Joseph and Jesus2It must have been a hard coming to Bethlehem. At that time of the year the weather there can be cold and inclement; not the time to take a heavily pregnant young woman on a long journey. Whether it was poverty or poor planning, the inn keeper’s stables were better than the open air; but not by much. What a time they had had; what a time was to come. Of the birth itself, the first Christians created legends; but we know nothing save what was needful: the young mother and the baby did well.

Where there had been Mary and Joseph, there was now the Holy Family. The man and the woman were brought into a new configuration by the baby; that is the human condition. No more would Joseph labour only for himself and his betrothed; he was a family man now; for this he had left his father and his mother; the same was true for her.

We are told little of him, Joseph, the almost anonymous protector of the sweet Virgin and her precious Baby. What manner of man was he?  We know more than we think. He was the man to whom these burdensome treasures were consigned. We know they were treasures, but for him, he had the task of bringing up a child not his own; he also had to cope with the consequences of Mary’s pregancy and of her choice. She had chosen this path with the aid of her Immaculate Conception; Joseph did what he did full of the burden of original sin.

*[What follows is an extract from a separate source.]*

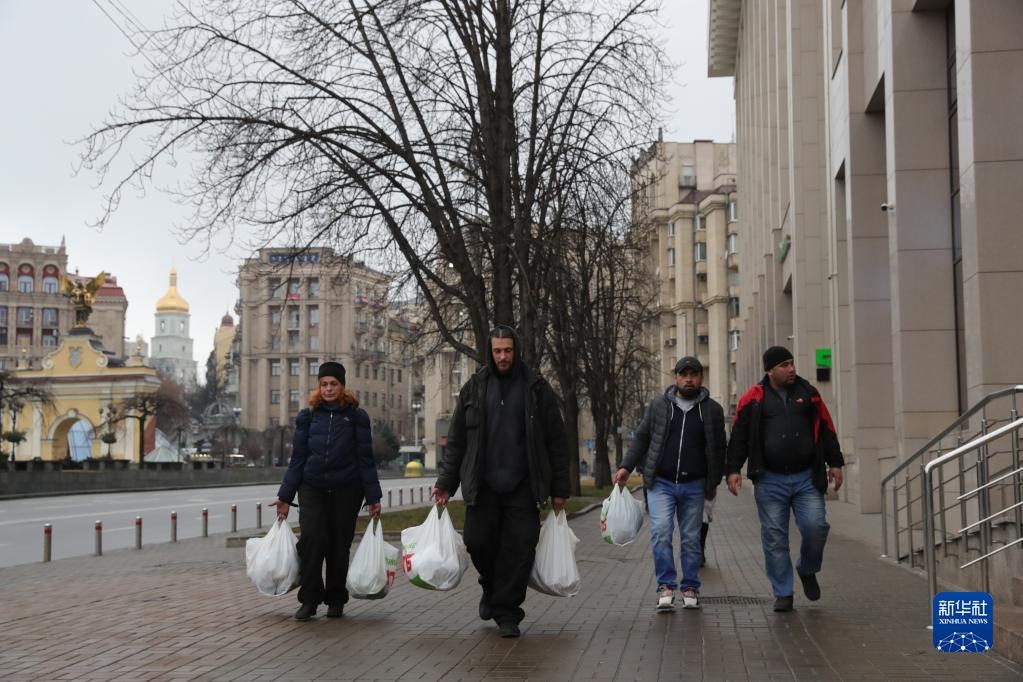 2月24日,在烏克蘭基輔,當(dāng)?shù)鼐用窳嘀少?gòu)的物資走在街道上。新華社記者 李東旭 攝

He did it. He took that heavily-pregnant girl on the long journey and protected her; he found a place to stay; and he took his little family into exile to escape Herod’s soldiers. He was a quietly capable man. He was no hero in his own eyes; that type of man never is. We can doubt anyone else regarded him as such either; it is always so with that type of man.

Joseph worked with his hands. He was a practical man. He was the man to whom people went if they wanted something doing properly. He was not an educated man, but he was a righteous one. He attended synagogue, paid his dues, and got on with the business of life.

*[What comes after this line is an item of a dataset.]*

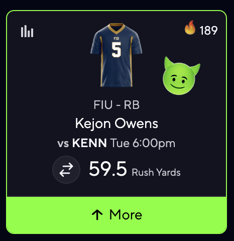 Owens has been remarkably consistent this season, going over this number in every game while averaging more than 100 rushing yards per contest. He now draws a favorable matchup against a Kennesaw State defense that’s been just average against the run, giving up over 4 yards per carry. With his reliable workload — typically at least 15 carries per game — Owens should once again find plenty of running room. Sixty-five yards feels like his absolute floor here, making this a great spot for him to continue his dominant stretch.

He wasn’t impulsive or vengeful. Even when he thought his young fiancée had betrayed him, the worst he was minded to do was put her away privately; most men would have made a great fuss; some would have had her stoned. Once enlightened by God, Joseph did his duty.

It is typical of Joseph that we do not even know when he died. By the time his son began His Ministry, Joseph had been dead for long enough for Jesus to be known as ‘Mary’s son’. Of Mary, never enough; of Joseph, hardly anything.

But there is enough for us to know that anyone to whom God had entrusted such treasures was himself special. He was special in not being special at all. Americans talk about an ‘ordinary Joe’. That, to all intents and purposes was Mary’s Joseph. And for our celebrity-obsessed age, and for those looking for heroes, Joseph of Nazareth has a message: do the simple things right; be the best you can be; and serve your God in humble obedience – and that is enough – and then more.

The Blessings of the Lord be with us all this Christmas.